Der kulinarische etwas angestaubte Wiener Würstelstand erlebt mit Bio-Produkten und neuen Kreationen eine Renaissance. EH WURST ist der erste voll vegane Würstlinger, weils eben eh auch Wurst ist: die Curry Wurst aus Seitan, der Hot Dog aus Tofu. Und dann gibt es noch die Bosna aus Bratwurst (Pilze) und Zwiebelsenf. Der Salzburger Raphael Rosdobutko hat das Original aus seiner Heimatstadt in den 7. Bezirk geholt – nur eben in vegan.

Raphael über…

… die Wurst: Die perfekte vegane Wurst muss die perfekte Würze haben und natürlich einen guten Biss. Die Konsistenz muss stimmen.  Unsere Bosna-Wurst ist von Peter Hiel aus dem 20. Bezirk und er macht sie aus Austernpilzen und Kräuterseitlingen. Auch unsere Curry Wurst schmeckt, wie sie schmecken soll und kommt aus Bayern. Ich bin selbst Vegetarier und da war es für mich nur logisch, dass meine Würstel vegan sein sollen.
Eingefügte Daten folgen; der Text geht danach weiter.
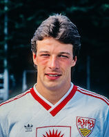 Der in Kehl geborene und zunächst beim dortigen FV spielende Jubilar hatte im Dress des Karlsruher SC die halbe Bundesliga auf sich aufmerksam gemacht, ehe er zur Spielzeit 1987/1988 im Alter von 21 Jahren zum VfB Stuttgart in die Landeshauptstadt wechselte.
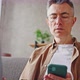 Two factor authentication. Close up portrait of mature man in eyeglasses entering security password from smartphone to website on laptop, working at home

… die Idee: Das Eh Wurst war eine Lockdown-Geburt. Ich komme aus dem Event-Management und musste mich damals neu erfinden. Und ich wollte immer schon die Original Bosna aus der Salzburger Getreidegasse nach Wien bringen. Also habe ich mir damals gedacht: Jetzt wäre der richtige Zeitpunkt. Das restliche Angebot ist dann dazugekommen. 

… den Standort: Ich habe eineinhalb Jahre nach dem richtigen Lokal gesucht, aber Gastro in dieser Gegend ist schwierig. Wenn im 7. was frei wird, ist es ganz schnell wieder weg. Schließlich habe ich diesen Standort in der Neustiftgasse gefunden. Ich habe zwei, drei Monate umgebaut und fast alles selbst gemacht.

Wir haben im Juli 2022 eröffnet. Der Andrang war groß, aber zum Glück blieb auch noch Zeit, die Abläufe und Arbeitsschritte zu optimieren. Mittlerweile sind wir gut aufgestellt.

Marks Zuckerberg

Nach 25 Jahren in der Werbung hat Mark Ruiz Hellin genug und eröffnet am Wiener Meidlinger Markt auf nur 24 Quadratmetern eine Konditorei. Mittlerweile hat das HÜFTGOLD mit dem IGNAZ & ROSALIA auch ein Kaffeehaus dazubekommen. Und neben Kaffeehaus- und Hochzeitsbäckerei setzt Mark auf Brownies und Cookies aus der Tonka-Bohne. Letzterer spricht man eine aphrodisierende Wirkung zu – geschmacklich sind es TONKAT-Produkte allemal: Aphrodise your Life!

Mark über…

… sich: Nach meinem Ausstieg aus der Werbung habe ich mir damals gedacht: Ich esse gerne Kuchen, ich backe gerne Kuchen, warum keine Bäckerei eröffnen? Anfangs wollte ich selber backen. Ich habe aber bald gemerkt, dass es zwischen Hobby- und professioneller Bäckerei eine große Lücke gibt, und die heißt Gewinn. Denn ich schaue zu, bis der Schlagobers geschlagen ist. Unser Künditormeister kann drei Maschinen gleichzeitig laufen lassen und hört, wenn der Schlagobers perfekt ist. Währenddessen rollt er Mürbteig aus. Mit Hobby-Backen kann man eine schöne Zeit verbringen, aber kein Geld verdienen.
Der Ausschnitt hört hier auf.